In April 2023, WMATA launched its Draft Visionary Network. As part of the drafts, WMATA proposed to split the J12 into two routes. The J12 portion between Addison Road station and the intersection of Marlboro Pike & Donnell Drive was made into its own route and named Route MD260. J12 service to Presidential Parkway/Machinists Building was taken over by the K12, was named Route MD261, and operated between Suitland station and the Presidential Parkway via the K12 routing between Suitland station and the intersection of Forrestville Road & Pennsylvania Avenue, then operate via Pennsylvania Avenue and Presidential Parkway.

During the proposal, WMATA retained both the MD260 and MD261 and renamed the Routes to the P67 (MD260) and P66 (MD261). The P67 would keep the same routing as the proposed Route MD260, but the P66 was modified to operate on the J12 Forrestville loop along Pennsylvania Avenue, Old Marlboro Pike, Suitland Parkway, and Forrestville Road, as service to Presidential Parkway/Machinists Building was eliminated in June 2024. The remaining routing would remain the same from the proposed Route MD261. All changes were then proposed during WMATA's 2025 Proposed Network.

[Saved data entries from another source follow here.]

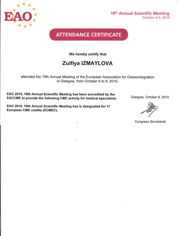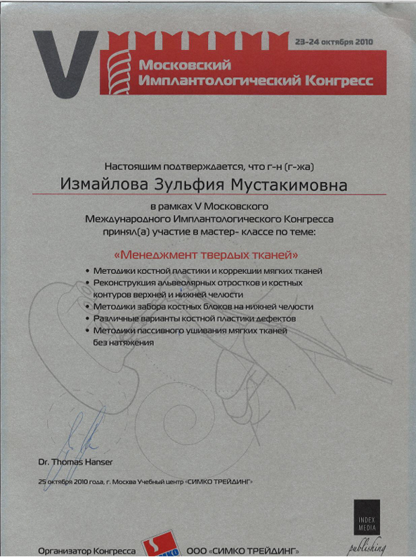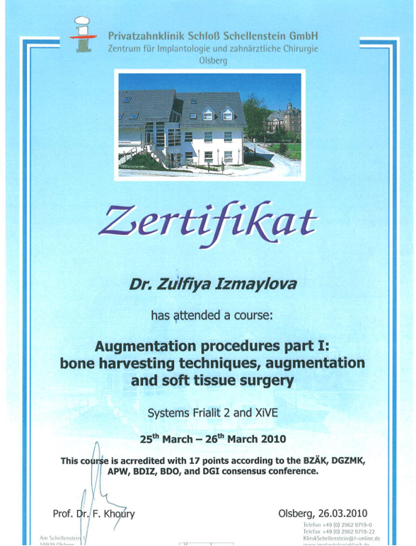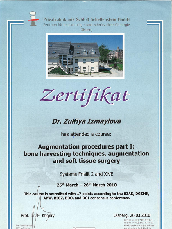| 2010 | Теоретический и практический курс «Augmentation procedures part I: bone harvesting techniques, augmentation and soft tissue surgery» («Хирургические методики аугментации костных и мягких структур») | Профессор F. Khoury (Кури) | Ольсберг, Германия | |
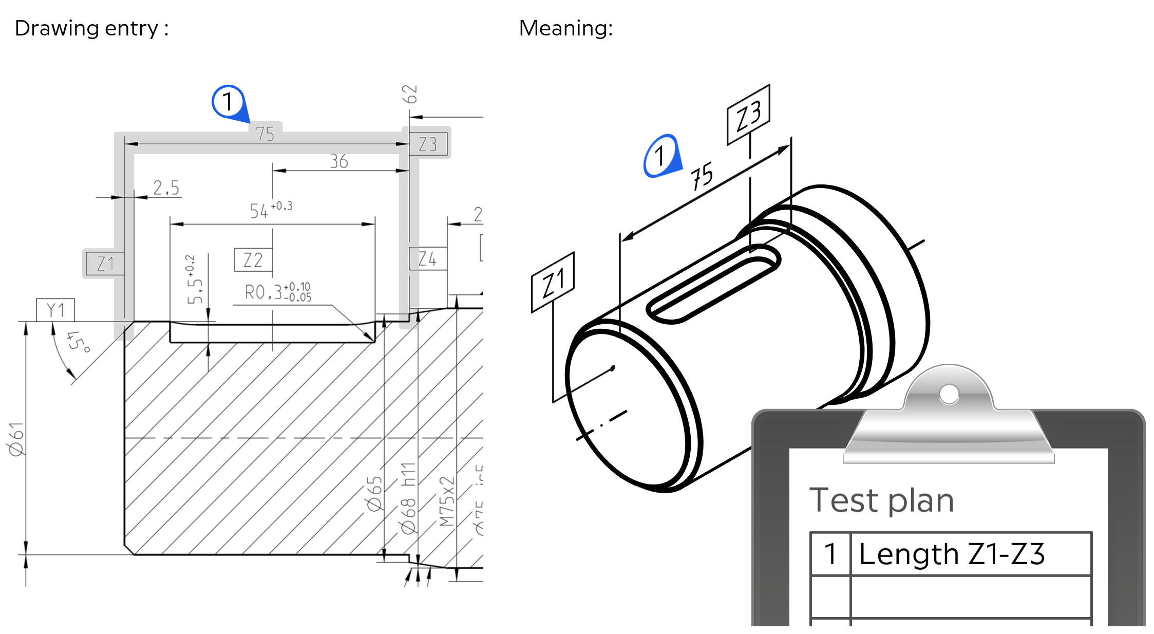 The essential geometrical elements (areas, planes and axes) are given identifiers (“Z1”, “Z2”, “Y1” etc.) This enables the reference geometries to be identified with greater certainty in the quality control process. The step measurement “75” is the distance between the front surface “Z1” and the section “Z3”. In the quality control plan this characteristic is shown as “length Z1–Z3”.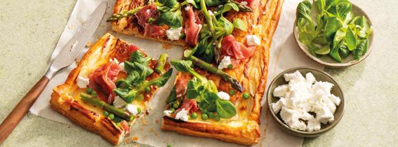 5 Laat de plaattaart kort afkoelen voor je hem gaat beleggen met de overige ingrediënten. Verdeel de veldsla over de bodem van de plaattaart, samen met de groene aspergetips en de doperwten. Drapeer de stukken serranoham erover en maak de lente-plaattaart af met de verkruimelde geitenkaas.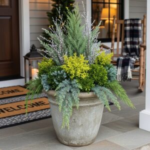 Varying shades of green and textures give depth and dimension, making your porch feel alive even in the coldest months.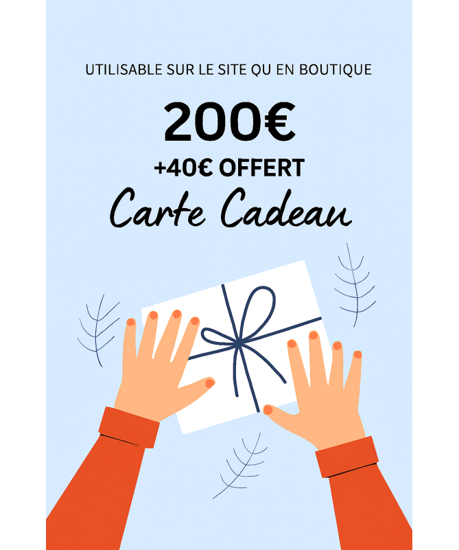Utilisable sur le site ou en boutique +40€ offerts → Valeur totale : 240€

During the proposals, the P67 was dropped completely in favor of Routes P61 and P62. Route P66 was not affected by the changes.

On November 21, 2024, WMATA approved its Better Bus Redesign Network, with service on the Marlboro Pike Line being simplified.

Beginning on June 29, 2025, Route J12 was discontinued, with the portion between Penn Mar Shopping Center and the Forestville loop being combined with the K12, operating between Suitland station and Forestville and renamed to the P66. Service between Addison Road station and Penn Mar Shopping Center was taken over by TheBus Route P76.